Case Study: E-Commerce Platform

Problem:

  • OOM during peak sales due to heap leaks in product catalog service.

Solution:

  • Analyzed heap dump, found unbounded HashMap retaining references.
  • Fixed caching strategy with eviction policy.
  • Increased -Xmx and applied G1 GC.

Result:

  • Stable SLA compliance during load spikes.

Pitfalls in Handling OOM

  • Blindly increasing heap size.
  • Ignoring native memory leaks.
  • Relying only on GC logs without heap dump analysis.
  • Not testing under production-like load.

Best Practices

  • Always enable HeapDumpOnOutOfMemoryError.
  • Set reasonable Xmx aligned with container limits.
  • Monitor direct memory usage in NIO apps.
  • Apply memory leak detection tools regularly.
  • Automate alerts for high GC and memory pressure.

JVM Version Tracker

  • Java 8: CMS common, OOM in PermGen replaced by Metaspace.
  • Java 11: G1 default, better GC overhead handling.
  • Java 17: ZGC/Shenandoah → reduced OOM from GC pressure.
  • Java 21+: NUMA-aware GC, smaller object headers via Lilliput.
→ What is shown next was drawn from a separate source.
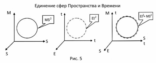 Итак, при исследовании формулы 1 Эйнштейна, мы пришли к выводу, что существует «сфера» Пространства, в которой «работает» её развёрнутая формула 7 и «сфера» Времени, в которой работает её развёрнутая формула 10. В центре этой «сферы» Пространства, как показано на рисунке 7а, оказывается сгусток материальной энергии в плоскости времени – Et, а внутри «сферы» располагается материя в пространстве – MS. s s 2 2

Conclusion & Key Takeaways

  • OOM is not always a heap size problem; it can occur in metaspace, direct memory, or threads.
  • Fix requires heap dumps, GC logs, and metrics correlation.
  • Use leak detection, GC tuning, and resource management proactively.
  • Treat OOM handling as part of DevOps observability.

FAQ

1. What is the JVM memory model and why does it matter?
It ensures thread safety and defines allocation rules, affecting GC and OOM.

2. How does G1 GC differ from CMS?
G1 is region-based and compacts memory, reducing fragmentation compared to CMS.

3. When should I use ZGC or Shenandoah?
When low-latency memory management is critical (financial or API workloads).

4. What are JVM safepoints and why do they matter?
Safepoints pause threads for GC/JIT tasks; too many pauses worsen OOM scenarios.

5. How do I solve OutOfMemoryError in production?
Collect heap dumps, analyze leaks, tune GC, right-size memory, and monitor.

6. What are the trade-offs of throughput vs latency tuning?
Throughput tuning may allow longer pauses, latency tuning prioritizes responsiveness.

7. How do I read and interpret GC logs?
Look at pause times, heap before/after GC, and promotion failures.

8. How does JIT compilation optimize performance?
By removing unnecessary allocations and reducing memory churn.

9. What’s the future of GC in Java (Project Lilliput)?
Smaller object headers reduce memory footprint, lowering OOM probability.

10. How does GC differ in microservices/cloud vs monoliths?
Microservices need smaller, predictable heaps; monoliths often prioritize throughput.